The beatitudes are an “OR” kind of condition. If you match any of the different beaten and losing and rejected conditions, you are in the set of people who are blessed. You don’t have to be a mourner AND a peacemaker to be blessed. You only have to be one or the other.

The portion of the sermon where He goes on to explain about living under the law is also an “OR” kind of condition. The problem is, if you match any of the conditions, you are cursed. Any particular match, such as lusting in your heart or being a little squishy with your words, and you are in the found set of the cursed people.
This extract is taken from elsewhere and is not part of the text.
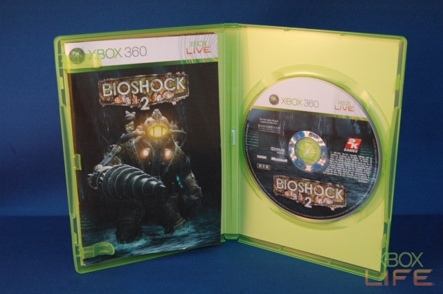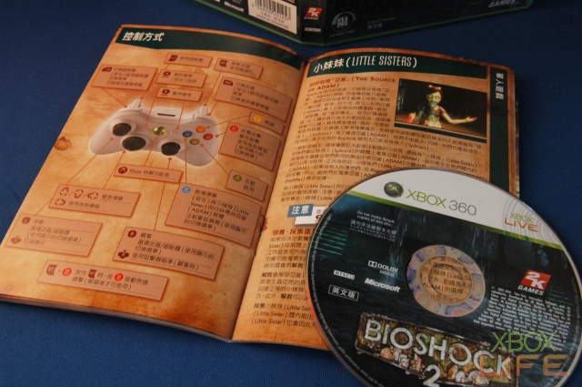 《生化奇兵2》的外盒包装上有非常精美的印刷,特别是烫金处理的游戏封面,更重要的是上面有压凸的「Bioshock 2」字样,让简单的包装看起来非常有质感。游戏说明手册的部份,这次依然采用全彩的印刷方式呈现,内容还包括中、英文二种语言,让玩家可以方便查阅。手册内容写得非常详细,建议第一次接触这款游戏的玩家,可以仔细阅读手册里所有的内容,相信可以加快玩家上手的时间。如果英文程度较差的玩家,手册的最后还有游戏选单、多人连线模式等的中英文对照,提供给需要的玩家翻阅。

Jesus said that He came not to abolish the law, but to fulfill it:

17 “Do not think that I came to abolish the Law or the Prophets; I did not come to abolish but to fulfill.
18 “For truly I say to you, until heaven and earth pass away, not the smallest letter or stroke shall pass from the Law until all is accomplished.
19 “Whoever then annuls one of the least of these commandments, and teaches others to do the same, shall be called least in the kingdom of heaven; but whoever keeps and teaches them, he shall be called great in the kingdom of heaven.
20 “For I say to you that unless your righteousness surpasses that of the scribes and Pharisees, you will not enter the kingdom of heaven.
Matthew 5:17-18

If you choose to interpret this as meaning that Jesus fulfills the requirement of the law and its punishing consequence for failure on the cross, you fall under the “blessed” query. You are the one who not only hungers for righteousness, and not only lacks it, but realizes their lack of righteousness and is internally tortured by it. You match one of the parameters to be included in the found set of the blessed people. You’re one of the few who escape being in the found set of the cursed.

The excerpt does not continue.